Nunes (2001 p. 30) ao discutir sobre os saberes docentes e a formação de professores reconhece que pensar num modelo de professor implica considerar a contextualização dos saberes docente, bem como demanda observar as condições históricas e sociais de exercício profissional, considerando que

Dessa forma, resgata a importância de se considerar o professor em sua própria formação, num processo de auto-formação, de reelaboração dos saberes iniciais em confronto com a prática vivenciada. Assim seus saberes vão se constituindo a partir de uma reflexão na e sobre a prática. Essa tendência reflexiva vem-se apresentando como um novo paradigma na formação de professores, sedimentando uma política de desenvolvimento pessoal e profissional dos professores e das instituições escolares.

No contexto das discussões acerca dessa temática devemos ressaltar diferentes contribuições tanto em nível internacional, quanto nacional. Na literatura internacional destacamos os pensamentos de Guathier (1998); Tardif (2000); Imbernón (2000); Nóvoa (1995) e Garcia (1987). Na produção nacional evocamos as reflexões de Pimenta (1999); Fiorentini (1998); Therrien (2002); Santos (2002) e Caldeira (1995).

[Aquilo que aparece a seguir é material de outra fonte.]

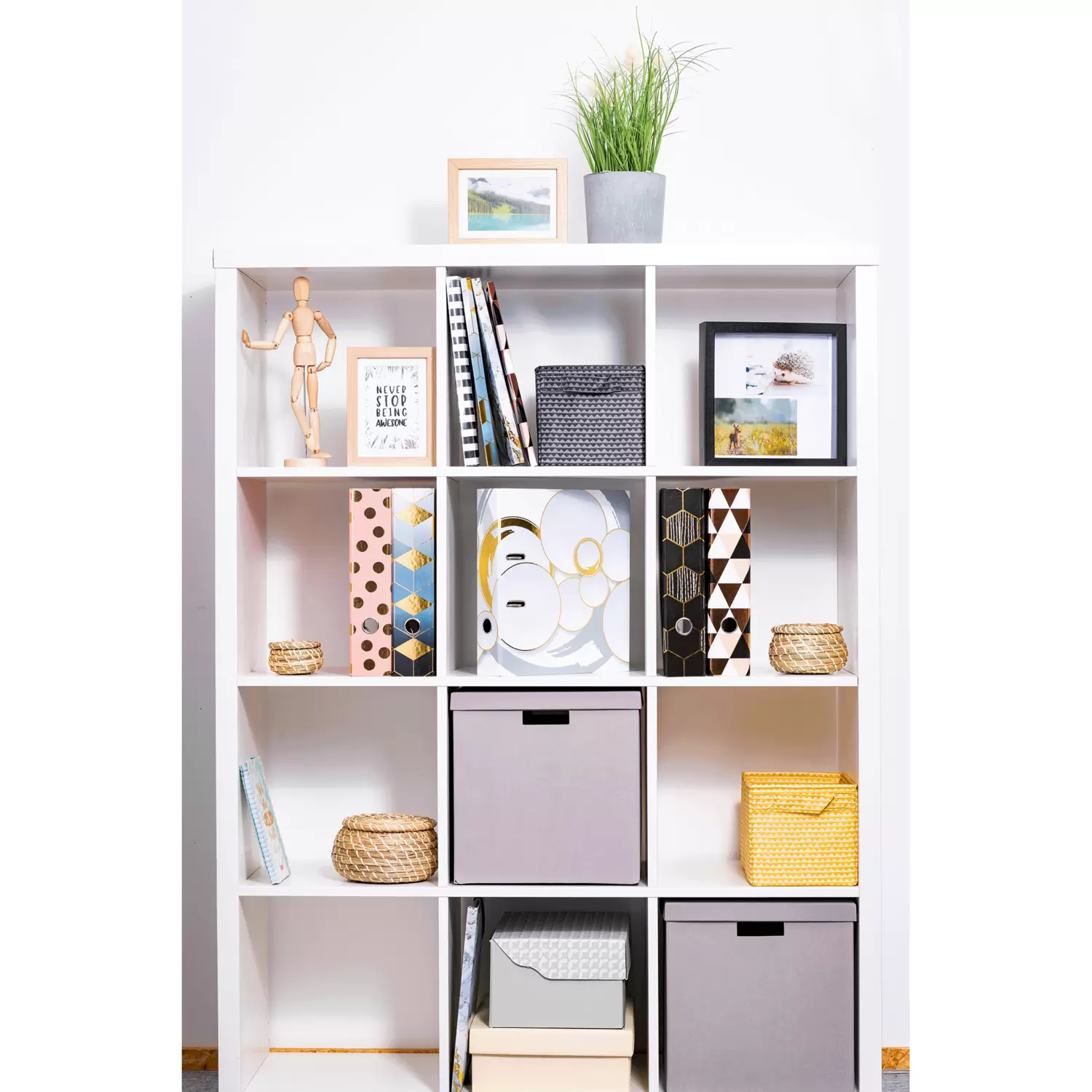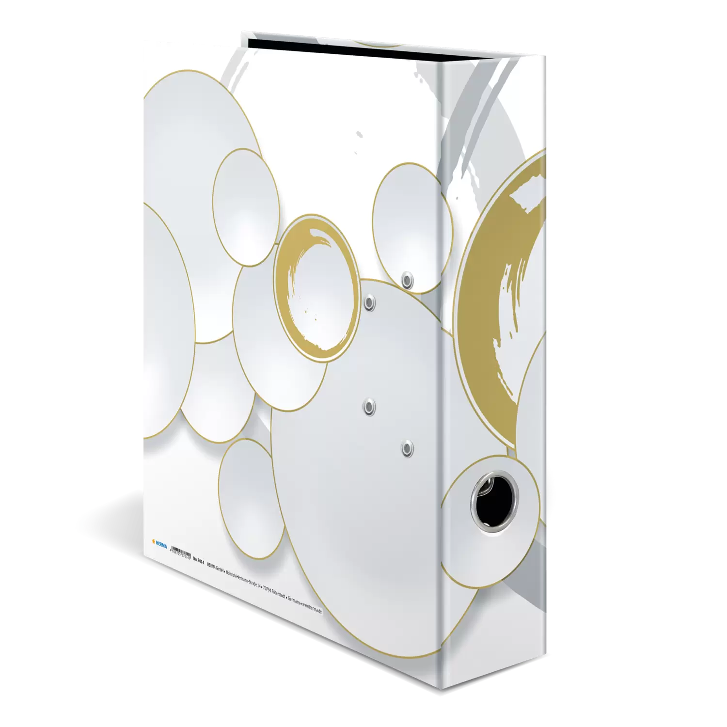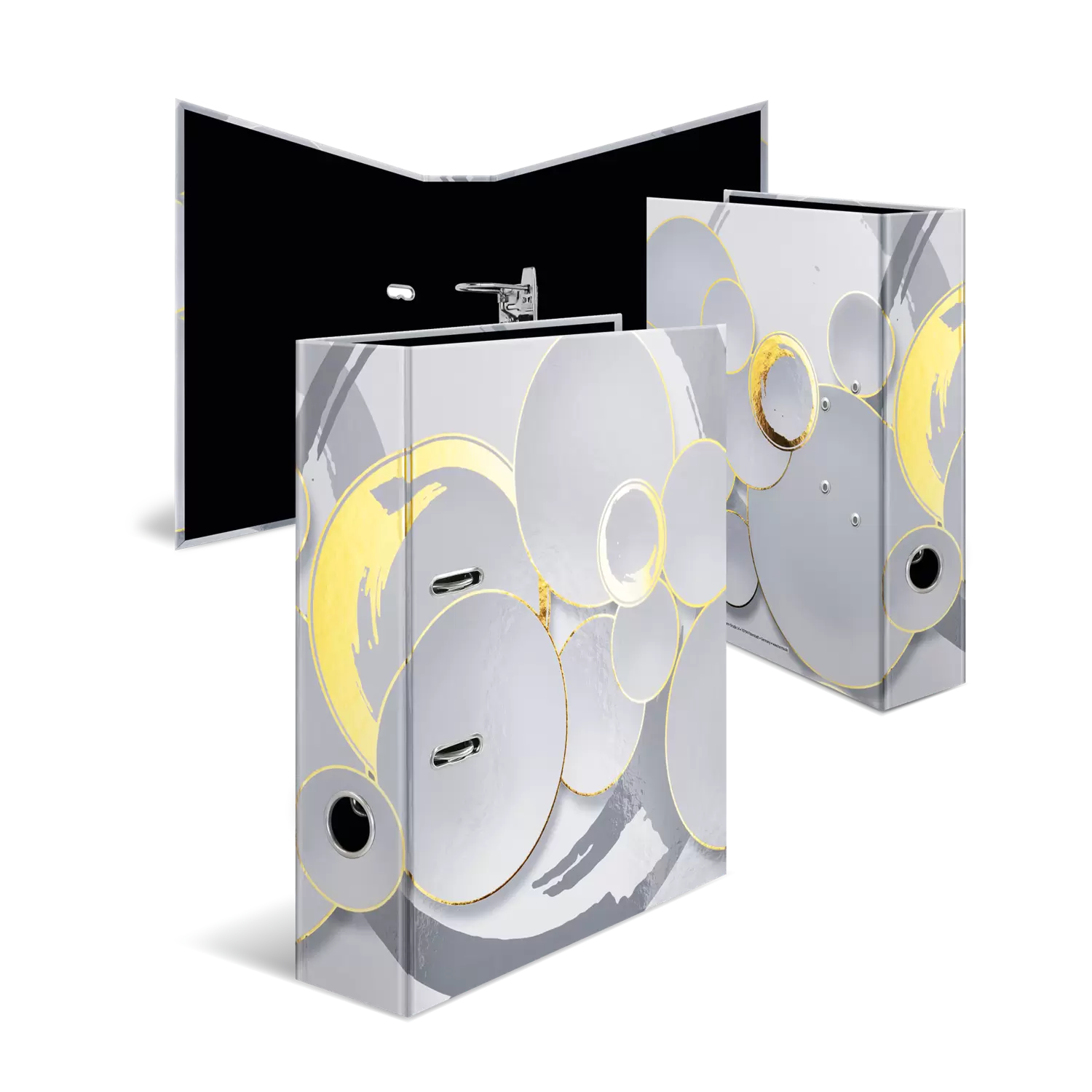 Le classeur à motifs Circles est unique en son genre. Il allie à la perfection design et fonctionnalité. Le design est sobre dans des teintes blanches et grises. Des cercles fins s’entrecroisent dans un coloris doré brillant et sont entourés de formes rondes. Un véritable plaisir pour les yeux ! Le classeur est fabriqué en carton de qualité, avec finition pelliculée dorée. Grâce au trou de préhension très pratique, il est facile à saisir et à remettre en place. Le mécanisme à levier spécial, avec dispositif de retenue en métal assure le bon maintien du contenu du classeur. Le dos large garantit une bonne stabilité sur l’étagère et offre suffisamment de place pour ranger un grand nombre de documents au format max. DIN A4.

Gauthier (1998 p.188) em suas reflexões sobre os conhecimentos próprios ao ensino enfatiza que é essencial a revelação e a validação dos saberes da experiência docente a fim de que esses saberes não permaneçam circunscritos às práticas individuais dos(as) professores(as). Essa percepção revela que os saberes da experiência docente precisam ser socializados, pois, por seu caráter individual e privado, poderão ter pouca utilidade nos processos de formação docente. Neste caso, o autor acima referido ressalta que a socialização dos resultados de pesquisas, sobre práticas e saberes docente, “poderiam criar um saber a mais para o reservatório de conhecimentos a partir do qual os professores alimentam sua prática”.

A análise de Tardif (2000 p. 119), no que concerne a essa questão, baseia-se no pressuposto de que a prática docente não se resume a um espaço de aplicação de saberes, mas compreende que essa prática é, também, um palco de produção de saberes relativos ao ofício profissional. Compreende que os(as) professores(as) são sujeitos do conhecimento, detentores de um saber específico relativo ao seu fazer pedagógico. Assim, propõe que “o trabalho dos professores de profissão seja considerado como um espaço prático e específico de produção, de transformação e de mobilização de saberes e, portanto, de teorias, de conhecimentos e de saber-fazer específicos ao ofício de professor”.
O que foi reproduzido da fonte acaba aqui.